Output, verbatim and without pictures, the lines from the first line of the listing through the line containing "Beschreibung: a) Der".

+++

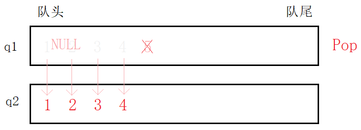 将元素从“入栈”移到“出栈”,等于将元素逆置,逆置后的栈出栈操作而言已然和队列的出队一样。相当于将栈底的元素从栈底出栈,也就是从先进后出变成先进先出,模拟实现了出队。
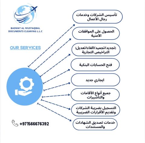 تخليص معاملات جميع أنواع الشركات مع خدمات فتح الحساب البنكي تفضل بزيارتنا في مكاتبنا الغزال، لخدمات رجال الأعمال بإدارة اماراتية
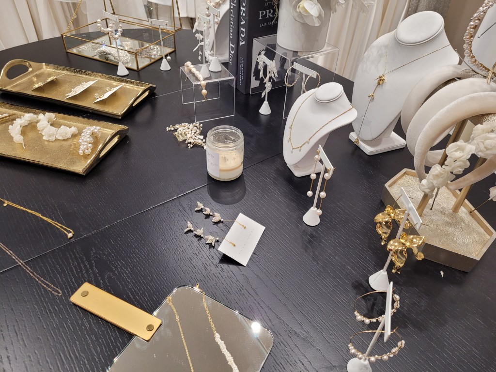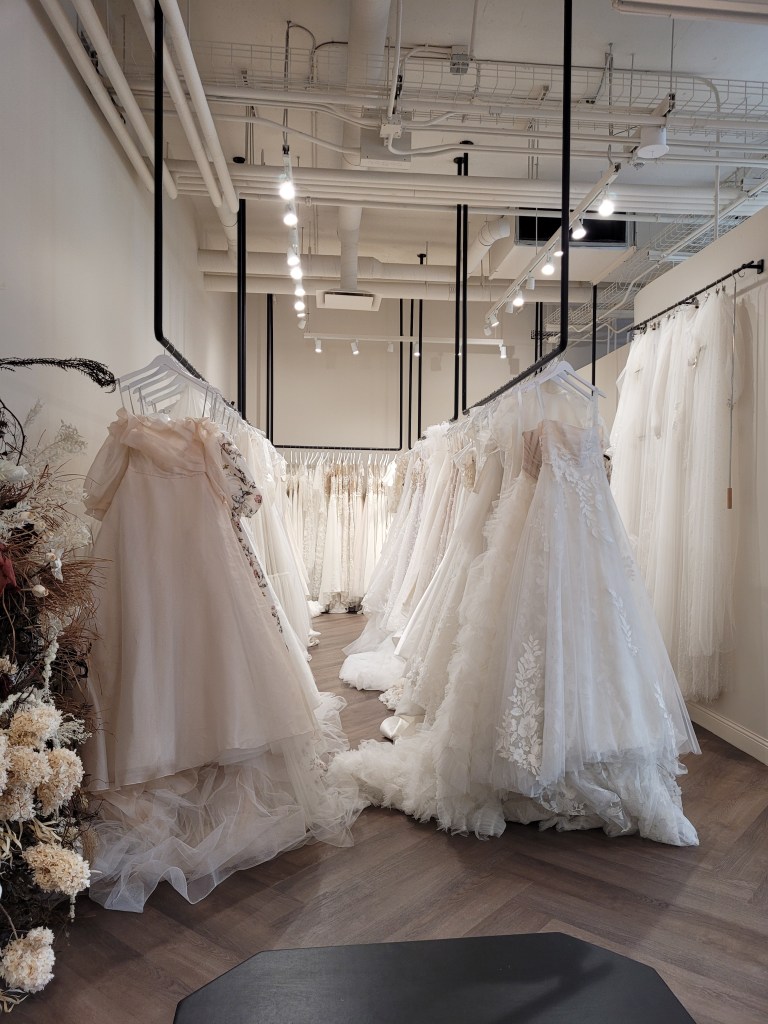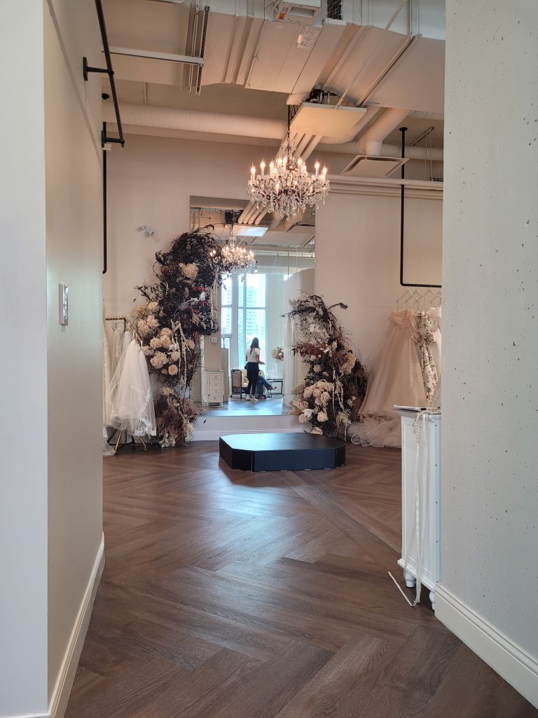 The moment I entered the wedding boutique, I knew right away that Pinterest threw up all over it. Fake flowers, crystal chandeliers, line art in thin gold frames — my hipster self couldn’t even.
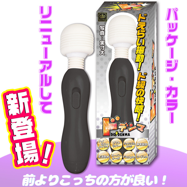 - ドえらい振動がドドーンと炸裂!超ド級の握り易さもめっちゃ嬉しいお手軽電マ『ドデンマ』がより可愛いカラーになって新登場!パッケージもリニューアルし、ソフトラバーヘッド&フレキシブルネックだから優しい当て心地です♪耳障りな音をカットした静音設計になっておりスイッチは使いやすい強弱2段階!カラー:ブラック
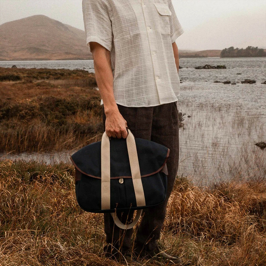 Bleu de Chauffe Sac Business Musette Coton et Cuir Marine Bm
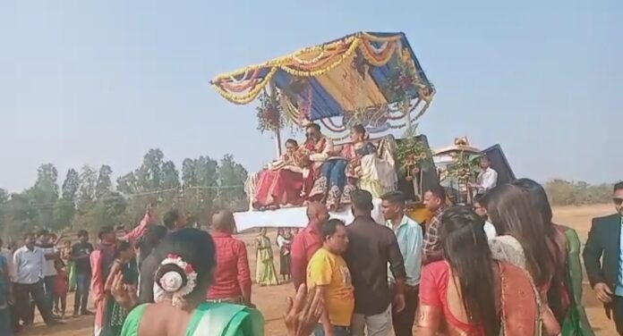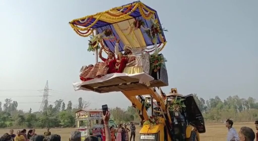 નવસારી જિલ્લાના ચીખલી તાલુકાના એક ગામમાં યુવકે અનોખો વરઘોડો કાઢ્યો હતો. આ યુવકે ગામમાં જ આદિવાસી પરંપરા મુજબ લગ્ન કર્યા હતા અને પોતાનો વરઘોડો જે.સી.બી.માં કાઢ્યો હતો જે આકર્ષણનું કેન્દ્ર બન્યું હતું.
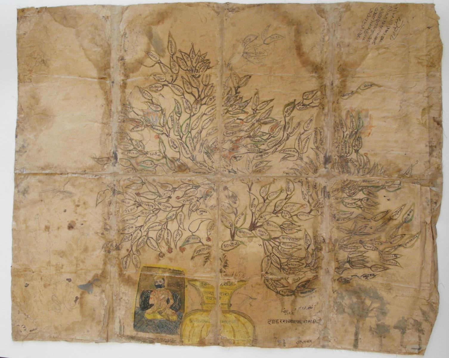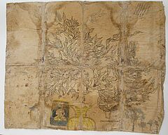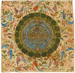 Beschreibung: a) Der Jambudvipa-Kontinent, dekoriert mit Vögeln und Blumen. 54x54cm. b) Jambuvriksa, der Wunsch-Baum. 55x70cm. c) Trilokacakra Diagramm. 43x24cm. d) Zwei Swastika, eine mit Fußabdrücken, eine mit Blumen/Punkten. Jeweils 25,5x24cm. e) Abschnitt einer Zeichnung. 31,5x17cm
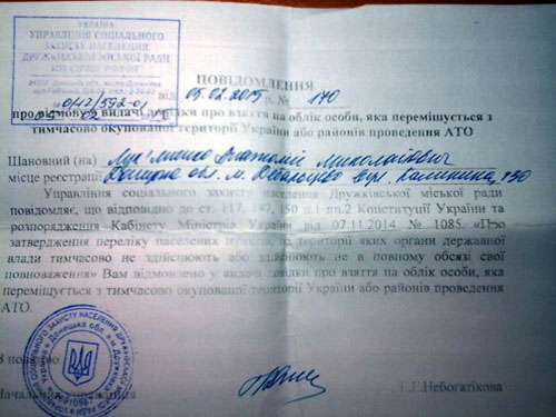 "Знаешь что, дорогое государство? Мои родители не из тех людей, которые будут ходить, добиваться, унижаться, просить или требовать, - пишет на своей страничке в Фейсбук краматорский журналист Дмитрий Лукьяненко, родственники которого лично столкнулись с отказом в собесе. - Они привыкли во всем надеяться только на себя, и они прорвутся с Божьей помощью и помощью близких. Просто тебе надо подумать о том, что рано или поздно эта война кончится. С фронта вернутся десятки тысяч опаленных боями и не совсем вменяемых после этого мужиков. И когда они увидят, что на мирных территориях ничего не поменялось, они спросят вас (правительство, мерии, городские советы, ментов, налоговиков, собесовцев, и пррочих государственных клерков): "Мы под смертью ходили. За вас и ваше спокойствие. А чем вы, суки, тут занимались?.. И тогда вы жидко обосретесь. Потому, что если они не услышат вразумительного ответа, разговор у них будет короткий".
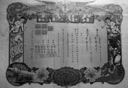 “民国时期,虽然也有婚姻法,但一夫一妻制还是有名无实。婚书的规格也并不统一,往往大户人家或是书香门第讲究婚书。”潘一钢说。民国的婚书又称“鸾书”“八字帖”等,可以理解为当年的“结婚证”。民国时期的婚书往往用描金鸾凤朱纸,依男左女右次序,分书男女姓名、生辰八字、籍贯、祖宗三代名号,外有封套,上有“天作地合、文定厥祥”“鸾凤和鸣、珠联璧合”等吉祥语,并装饰有“双仙和合”、凤凰和百子图等中国传统文化元素,期盼人丁兴旺。
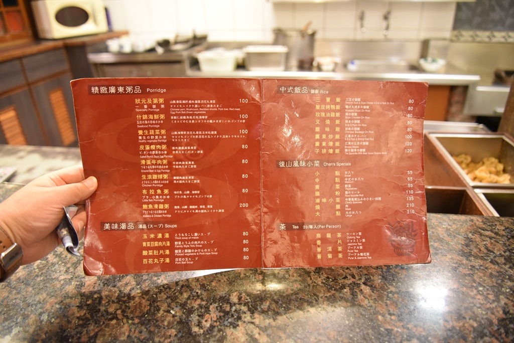 雖然來的時間晚,有些餐點應該都賣完了,但是還是可以看得出這家陳記狀元粥基本上就是台北的港式飲茶加上它特有的粥品做結合,還加上三寶、叉燒等港式飯品,也就是集港式茶、粥、飯於一身的港式餐廳,然後包裝在一間乾淨清爽外觀日式內裝台式風格建築物的概念。
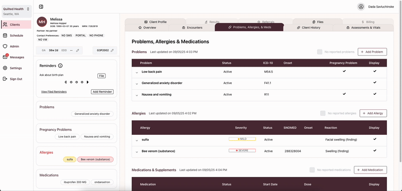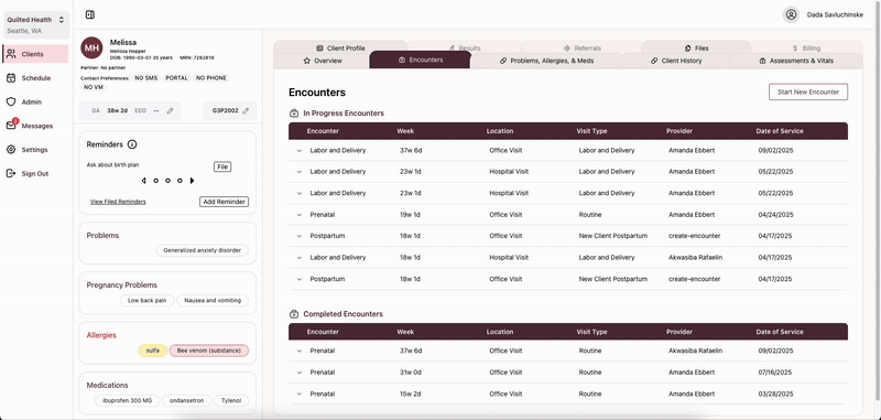 Quilted EHR is a modern and intuitive solution built to support midwives in meeting the unique needs of the communities and clients they serve.
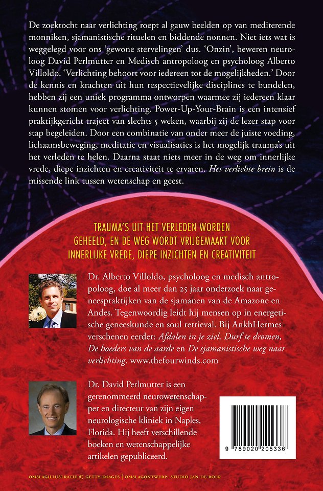 Vind de weg naar verlichting met Het verlichte brein van Alberto Villoldo en David Perlmutter. De zoektocht naar verlichting roept al gauw beelden op van mediterende monniken, sjamanistische rituelen en biddende nonnen. Niet iets wat is weggelegd voor ons ‘gewone stervelingen’ dus. ‘Onzin’, beweren neuroloog David Perlmutter en medisch antropoloog en psycholoog Alberto Villoldo. ‘Verlichting behoort voor iedereen tot de mogelijkheden.’ Door de kennis en krachten uit hun respectievelijke disciplines te bundelen, hebben zij een uniek programma ontworpen waarmee zij iedereen klaar kunnen stomen voor verlichting.
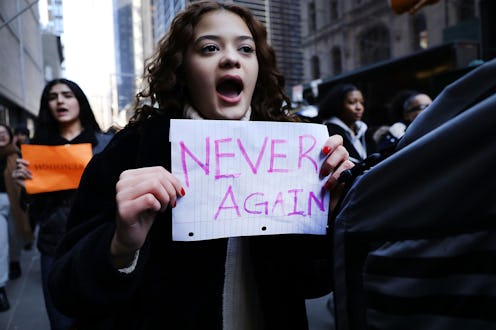 In different cities across the United States, students plan to step out on March 24 for the the anti-gun violence March For Our Lives protest. "Never Again" appears to be their rallying cry as youth activists keep the pressure on local politicians to support and pass sensible gun laws in order to reduce gun violence in the country. So, what exactly does "Never Again" mean in this context and how did it start? The chant, which has come to represent a national movement, was started by survivors of the school shooting in Parkland, Florida.
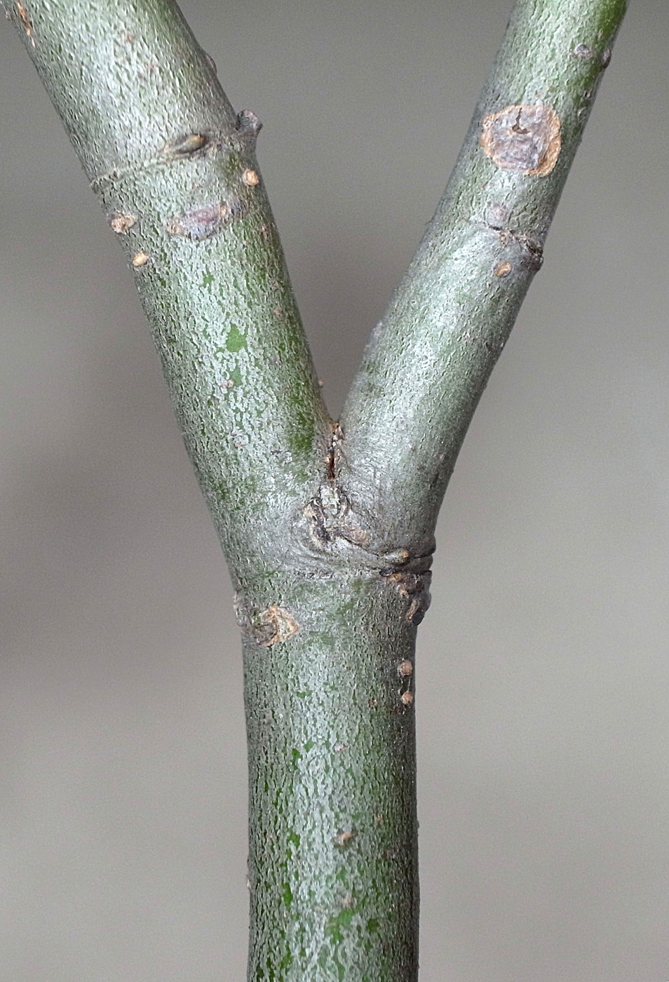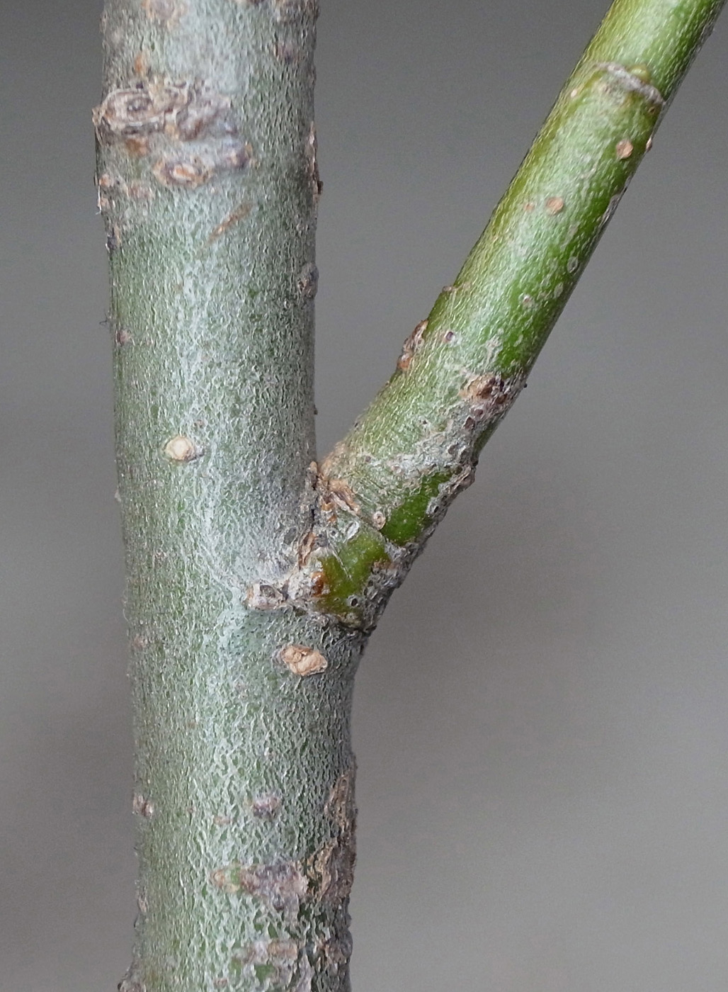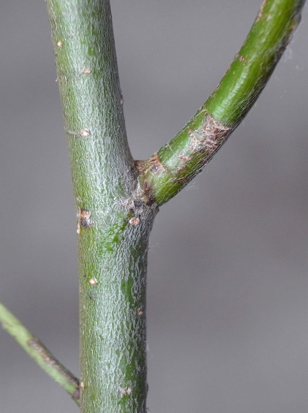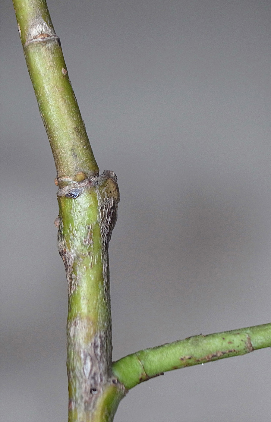 (右に出ている枝は当年枝)
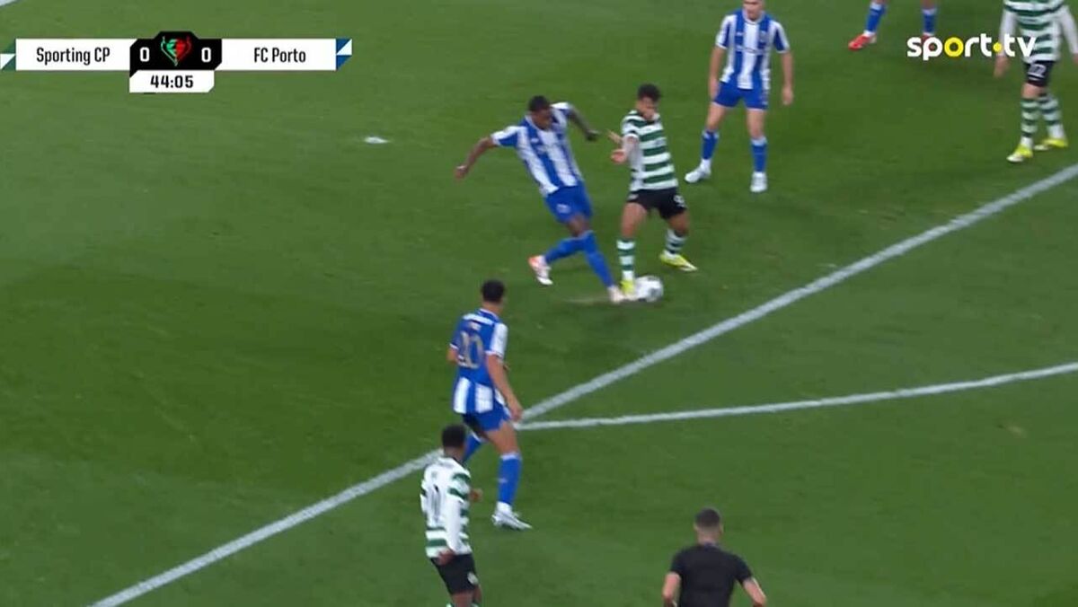 Aos 43' do Sporting-FC Porto, os leões pediram penálti de Pablo Rosario sobre Luis Suárez mas o árbitro Cláudio Pereira e o VAR mandaram jogar.
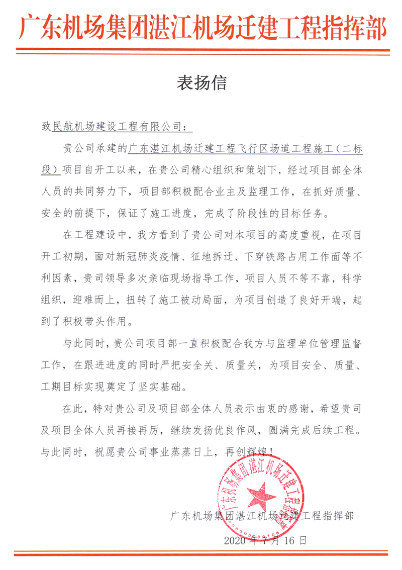 7月16日,第十六總經(jīng)理部承建的廣東湛江機場遷建工程飛行區(qū)場道工程施工(二標段)項目,收到來自廣東機場集團湛江機場遷建工程指揮部發(fā)來的表揚信。
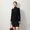 Falda de una pieza de punto con cuello redondo semialto de terciopelo cepillado de doble cara para otoño e invierno de 2024, falda de cintura media de color liso para mujer
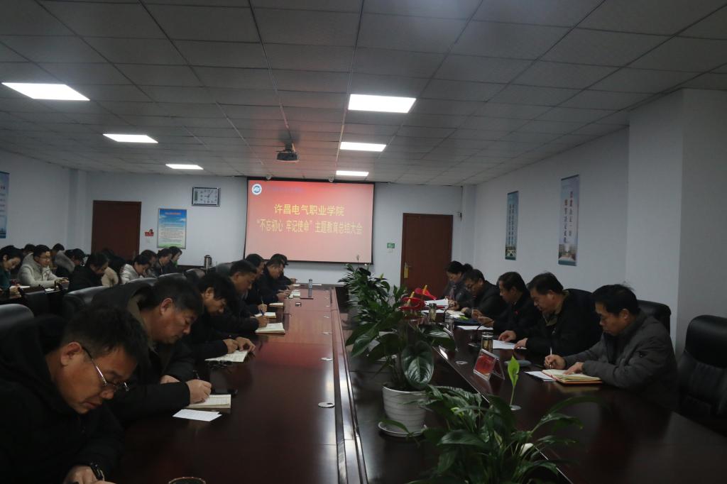 ????楊魯西書記強調(diào),要著力研究建立和推進落實“不忘初心、牢記使命”制度,進一步鞏固和擴大主題教育成果,使“不忘初心、牢記使命”這個黨的建設(shè)的永恒課題、黨員干部的終身課題常抓常新,把推動主題教育成果轉(zhuǎn)化與學(xué)習(xí)貫徹習(xí)近平新時代中國特色社會主義思想結(jié)合起來,與貫徹落實總書記視察河南重要講話精神結(jié)合起來,與貫徹中央、省委、市委決策部署結(jié)合起來,與建設(shè)許昌“智造之都、宜居之城”,完成學(xué)院全年各項目標(biāo)任務(wù)結(jié)合起來,切實把主題教育激發(fā)出的工作熱情轉(zhuǎn)化為推動學(xué)院高質(zhì)量發(fā)展的實際成效。
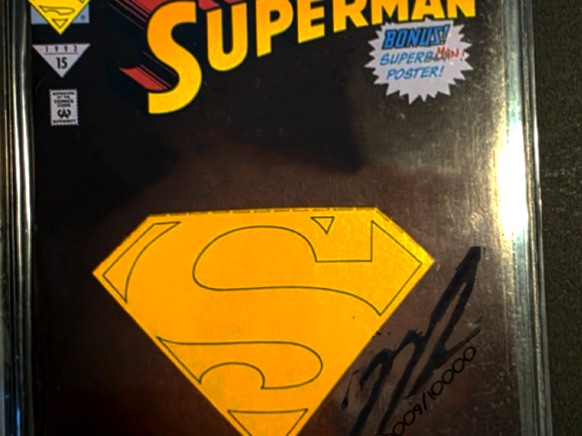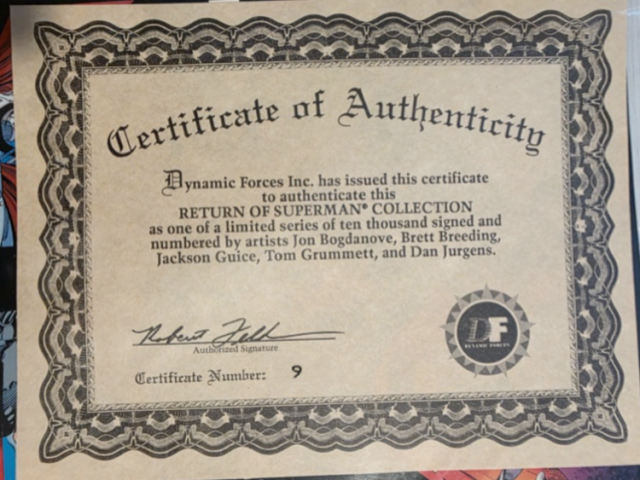 These Superman comics are completely wrapped and sealed, once opened when they were individually signed by the artist. Certified
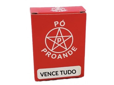 Caixa vermelha de pó PROANDE com texto 'VENCE TUDO'
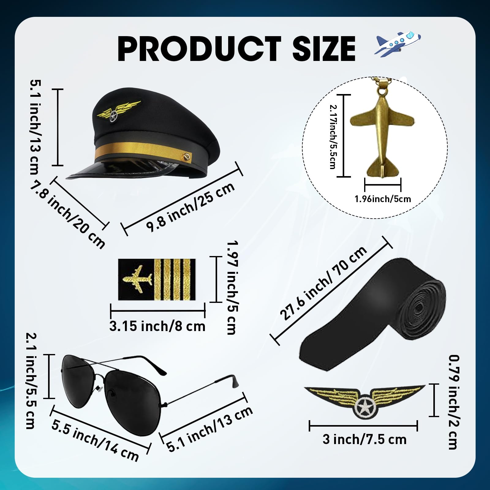 - Pilot Accessories Set: The pilot costume set includes 1x Hat, 1x Tie, 1x Necklace, 1x Sunglasses, 1x Pilot Epaulettes (Shoulder Straps), and 1x Embroidered Badge. This complete collection of pilot uniform accessories provides a dashing look, allowing you to feel like a true pilot and immerse yourself in the authentic flying experience
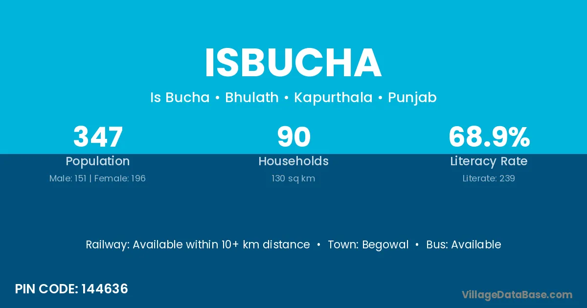 Begowal is the nearest town to Isbucha village for major economic activities
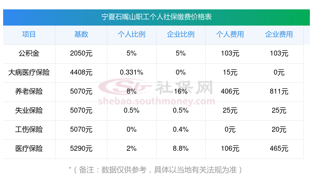 宁夏石嘴山社保缴费比例社保缴费比例包括以下几个部分:
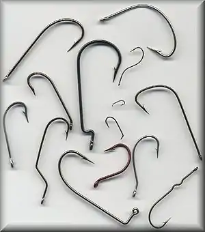 Las partes de un anzuelo son: la punta es la que penetra en la boca del pez; el ojo es el final del gancho que está conectado a la línea de pesca o el hilo; la curva y el cuello en la parte del gancho que une el punto y el ojo; y se denomina brecha a la distancia entre la cuello y el punto. En muchos casos, los ganchos se describen mediante el uso de estas diferentes partes del anzuelo.,[3][4]

+++

**Your response:**
 将元素从“入栈”移到“出栈”,等于将元素逆置,逆置后的栈出栈操作而言已然和队列的出队一样。相当于将栈底的元素从栈底出栈,也就是从先进后出变成先进先出,模拟实现了出队。
 تخليص معاملات جميع أنواع الشركات مع خدمات فتح الحساب البنكي تفضل بزيارتنا في مكاتبنا الغزال، لخدمات رجال الأعمال بإدارة اماراتية
 The moment I entered the wedding boutique, I knew right away that Pinterest threw up all over it. Fake flowers, crystal chandeliers, line art in thin gold frames — my hipster self couldn’t even.
 - ドえらい振動がドドーンと炸裂!超ド級の握り易さもめっちゃ嬉しいお手軽電マ『ドデンマ』がより可愛いカラーになって新登場!パッケージもリニューアルし、ソフトラバーヘッド&フレキシブルネックだから優しい当て心地です♪耳障りな音をカットした静音設計になっておりスイッチは使いやすい強弱2段階!カラー:ブラック
 Bleu de Chauffe Sac Business Musette Coton et Cuir Marine Bm
 નવસારી જિલ્લાના ચીખલી તાલુકાના એક ગામમાં યુવકે અનોખો વરઘોડો કાઢ્યો હતો. આ યુવકે ગામમાં જ આદિવાસી પરંપરા મુજબ લગ્ન કર્યા હતા અને પોતાનો વરઘોડો જે.સી.બી.માં કાઢ્યો હતો જે આકર્ષણનું કેન્દ્ર બન્યું હતું.
 Beschreibung: a) Der Jambudvipa-Kontinent, dekoriert mit Vögeln und Blumen. 54x54cm. b) Jambuvriksa, der Wunsch-Baum. 55x70cm. c) Trilokacakra Diagramm. 43x24cm. d) Zwei Swastika, eine mit Fußabdrücken, eine mit Blumen/Punkten. Jeweils 25,5x24cm. e) Abschnitt einer Zeichnung. 31,5x17cm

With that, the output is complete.